第3話:アピタテラスにて はむちょん

新田中学校への登校まであと二日後、生体発電検査票が届いた翌日である。正洋はあらたな生活の緊張感を自覚しながら過ごす。思い返すと小学校は長かった。苦行ともいえる6年間、しかし大学まで進学するとなると、あと10年間の学生生活があるのだ。先は長い、それを意識しはじめる年ごろだった。しかしその胸中は、まだ幼く、その日の午前中、自宅で何度も読んだラノベを軽く読み、居間であおむけになりながら物語の世界を夢想していた。

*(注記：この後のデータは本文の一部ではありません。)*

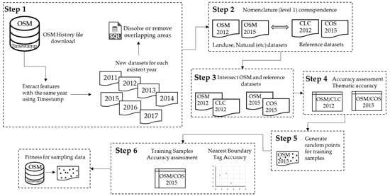 Figure 2 shows our main steps. Briefly, our first step was to download the OSM data history file and filter the contributions according to their timestamps. We obtained datasets for seven different years and resolved all logical inconsistencies, such as overlapping features. Second, we established a relationship between the OSM and CLC/COS first level of nomenclature. Third, we intersected the datasets to determine the area corresponding to the OSM dataset that matched the reference dataset. Fourth, we calculated the datasets’ completeness and thematic accuracies for 2012 and 2015. Fifth, random points were generated as training samples. Finally, in step six we calculated the NBTA for 2015.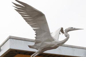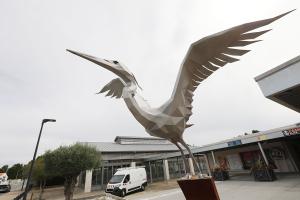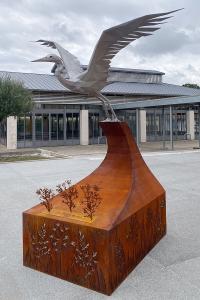 Dans un éclat d’acier poli et de lignes fuselées, Le héron s’élève entre ciel et mer, comme enlevé au rivage par un souffle poétique. Cette sculpture métallique, réalisée dans un style emprunté à la carrosserie automobile, conjugue puissance mécanique et grâce naturelle dans un hommage vibrant à la liberté. L’artiste a conçu ce héron comme une chimère d’eau et de vent, une silhouette tendue vers l’infini. Chaque plaque de métal, martelée et courbée avec une précision artisanale, reflète la lumière comme les flots sous la lune. Les soudures, volontairement apparentes, évoquent les cicatrices du voyage et le labeur de l’homme face à la matière. Dans cette œuvre, l’oiseau devient messager. Il quitte les berges familières pour rejoindre les cieux incertains, ailes déployées dans un geste suspendu. Il est, cet instant précis, où le poids du monde cède à l’élan de l’imaginaire. L’artiste réussit à suspendre le désir de l’ailleurs et l’appel du large dans le mouvement de ce héron.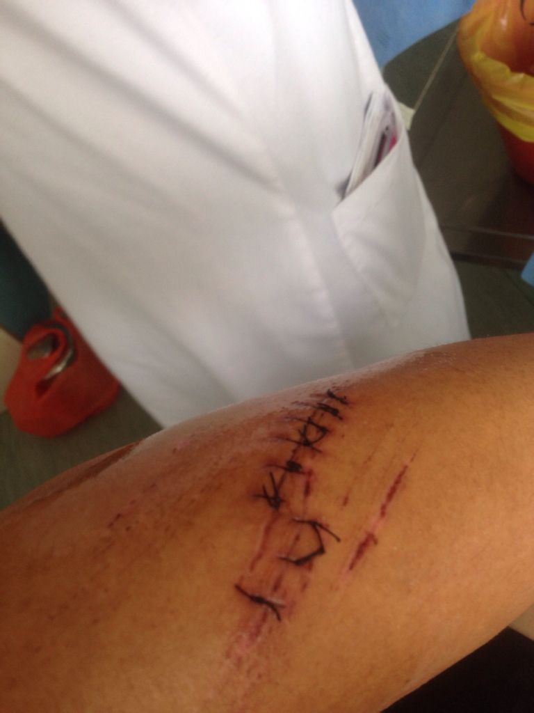 胳膊受伤缝针
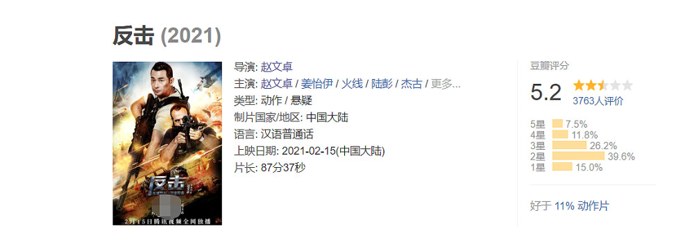 可惜天不遂人愿,《反击》刚上映口碑就彻底崩了,豆瓣评分只有5.2,是一部彻头彻尾的烂片。

闘う自分、理解した物語に自分が介入し、都合よく展開した。劇中のヒロインとお互い慰めあう関係に夢想する。要所で口からは擬音が漏れる


正洋「ぶしゅ・・ちゅう!」


家族は、直樹はゲーム、純子は友達の家、寿洋は寝ていた。母は仕事だ。正洋の意識は自然と遊びになる。しかしそれはまだ多様ではない。とりあえず新たな知見を得るために自転車でショッピングモール「アピタテラス」へ移動した。このモールの本屋はラッピングされていなく。立ち読みできるのだ。正洋の意識は雑誌の新刊が並ぶタイミングを意識していた。雑誌棚をまわると、すでに読んだものがまだあるが、新刊の雑誌を読む。手に取り、その雑誌の世界に入る。ジャンルにこだわるわけでもなく、いろいろな分野の雑誌を夢中で読み進める正洋。プロレス、映画関係、アニメ、付録の入手に興味があったが、手持ちの金銭の心もとなさで自然と断念している。


正洋「お金か、なんとかならないかな」


昼を迎える頃合いに、モールの2階にある、フードコートに移動する。・無料のウォータースタンドで紙コップに水をそそぎ、テーブルの椅子に座り、休憩する。背筋を伸ばす、大分雑誌の世界に没入できた。向かいのテーブルには親子連れがいる。母親が子供をあやしている。まだだいぶ子供だ。2歳ぐらいだろうか


正洋「かわいいよな、ちいさいね」


自然と心が安らぐかんじがする。正洋の当時の心境ではそれはまだ言語化するには幼かったのかもしれない。・


正洋「いいね、おおきくなれよ」小さくつぶやく


その時子供と正洋が目が合う。気のせいだろうか、正洋には相手が笑顔を向けたきがした。おもわず。片手をすこしふり、正洋も笑顔になる。


子供「はむちょ」


正洋(ん?なんか言った?)


母親は、子供をいとおしそうにあやす。マクドナルドの林檎ジュースをのませているようだ。自分はフライドポテトをたべている。・


正洋「まあいいや、トイレ行こ」


トイレはニトリ方面にある、移動してすぐのフードコートのマクドナルド向かいのテーブルの、これまた親子連れの児童の脇を通り過ぎる。かすかに聞こえた気がした。


「はむちょん」


母親「はい、はむちょんね」


同じセリフを続けて


正洋(はやっているのかな)


そう感じてトイレにむかった。午後の没入はもうすこし本屋を徘徊するつもりだった。その前に腹ごなしだ。自分もマクドナルドにしよう。